---- DATA EXCERPT

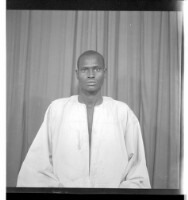 197. EAP449/2/23/197 Reference (shelfmark): EAP449/2/23/197 Title: A man wearing a boubou sitting face-forward in the studio. Collection Area: Endangered Archives Programme Languages: Not applicable Date Range: 2nd half od the 20th century Extent: 1 TIFF image
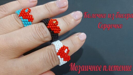 Кольцо из бисера СЕРДЕЧКО в технике мозаичное плетение
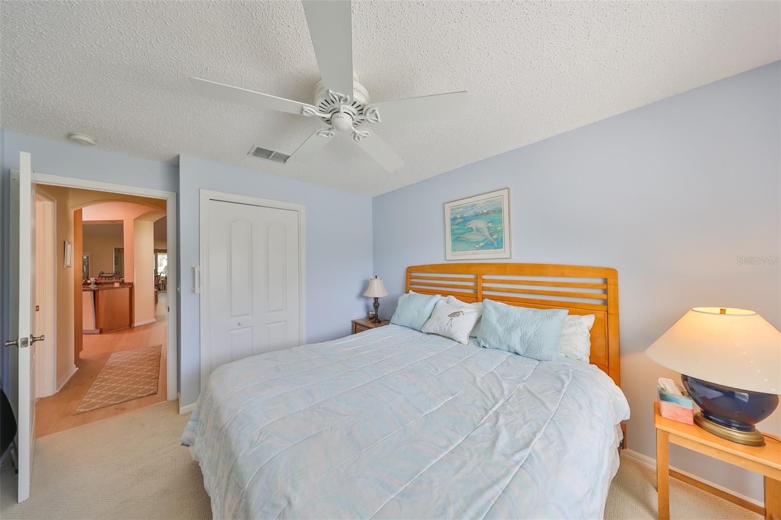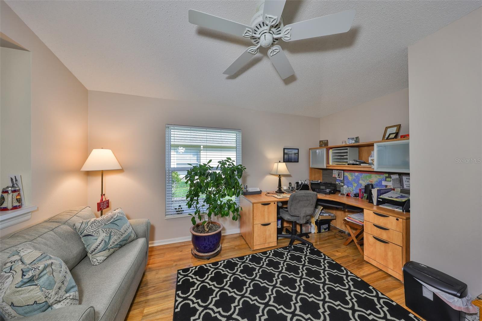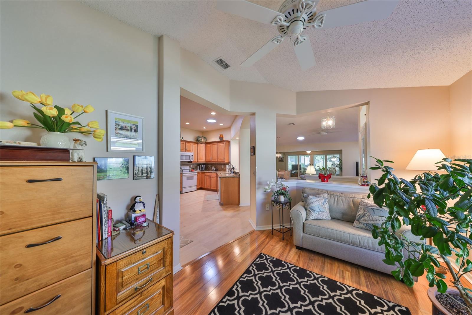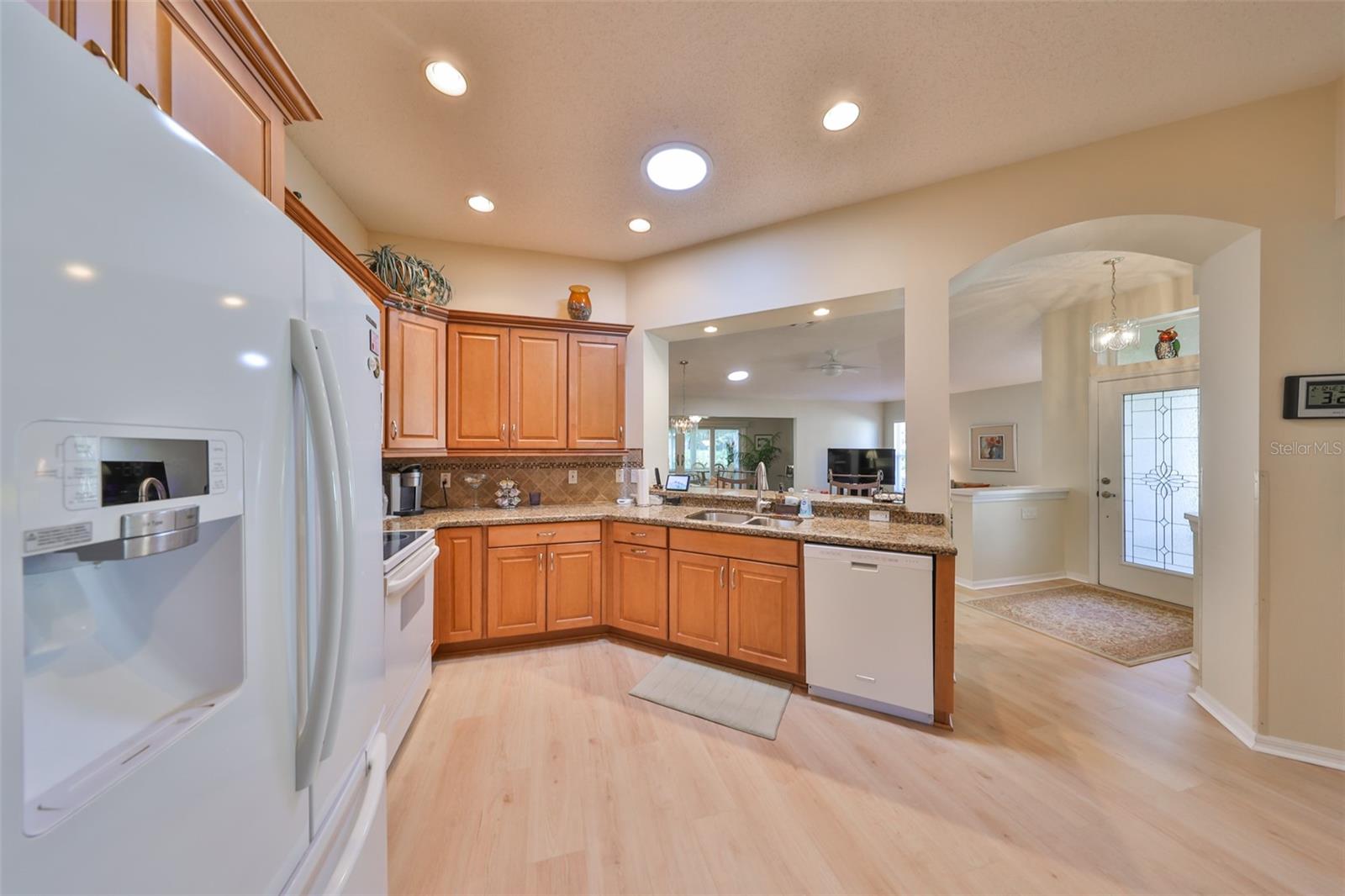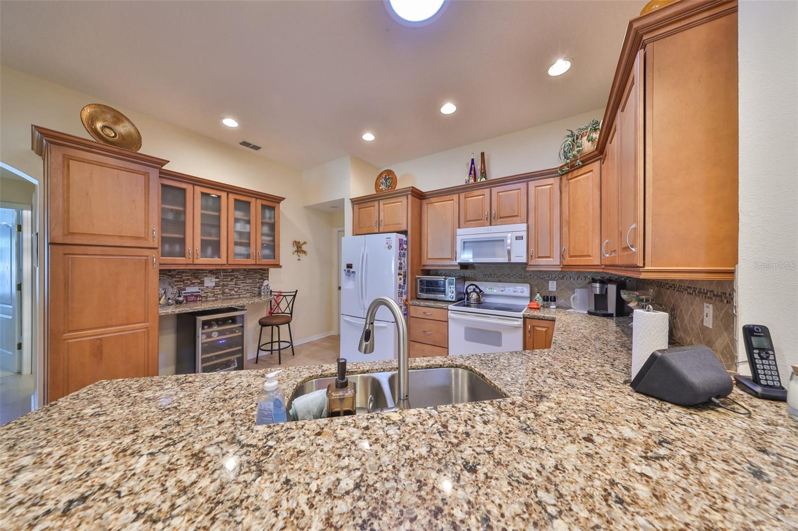 TERRIFIC PRICE IMPROVEMENT FOR THIS BEAUTIFULLY UPDATED CONDO FEATURING AN 8 X 20 NEWER FLORIDA ROOM, PLUS GOLF CART! Enjoy the fun Florida lifestyle in the GATED & MAINTENANCE FREE 55+ community of Kings Point in Sun City Center, FL, where you'll feel like you're on vacation every day. Nestled in a lovely, "pet friendly" neighborhood, this immaculate & well maintained, 2 bed/2 bath & den, FULLY FURNISHED condo has a modern, open floorplan, high ceilings, 3 SOLAR TUBES for extra natural light, LUXURY VINYL FLOORING (2024) and IMPACT WINDOWS (2024). The UPDATED KITCHEN is a cook's dream with plenty of 42-inch wood cabinetry finished w/crown molding, pretty tile backsplash, quartz "Cambria" counters, and a breakfast bar for extra casual seating, all open to the huge living room/dining room combo. The private owner's suite has large dual closets, NEWER VANITY, FIXTURES, AND GORGEOUS TILED WALK-IN SHOWER. The spacious 2nd bedroom & UPDATED BATHROOM are at the opposite end of the condo, offering privacy for guests. The office/den is a great versatile space that can easily accommodate extra guests if needed. For added living space, this condo has a terrific 8 x 20 GLASSED ENCLOSED FLORIDA ROOM (2024) that has a SPLIT AC/HEAT UNIT, DOUBLE PANE WINDOWS, REINFORCED CEILING PANELS, CERAMIC TILE FLOORING and IMPACT SLIDERS. For extra storage, all cabinets in the 2-car garage will remain. Furniture may be available for sale on separate bill of sale. Kings Point is a wonderful community with numerous amenities, such as 2 clubhouses w/cafes, indoor/outdoor resort-style pools, tennis/pickleball courts, lawn bowling, tons of social clubs, live theater, golf, and so much more, all accessible by golf cart. Kings Point is conveniently located on major highways, airports, award-winning beaches, Sarasota, Tampa, and Disney. So come and view this beauty today and see why you'll want to call it home!

--------

# INSTRUCTIONS FOR THE TASK
Starting with the first line of the material above and ending with the line that holds "Кольцо из бисера", write out those lines exactly, without pictures.

# ANSWER AREA
 197. EAP449/2/23/197 Reference (shelfmark): EAP449/2/23/197 Title: A man wearing a boubou sitting face-forward in the studio. Collection Area: Endangered Archives Programme Languages: Not applicable Date Range: 2nd half od the 20th century Extent: 1 TIFF image
 Кольцо из бисера СЕРДЕЧКО в технике мозаичное плетение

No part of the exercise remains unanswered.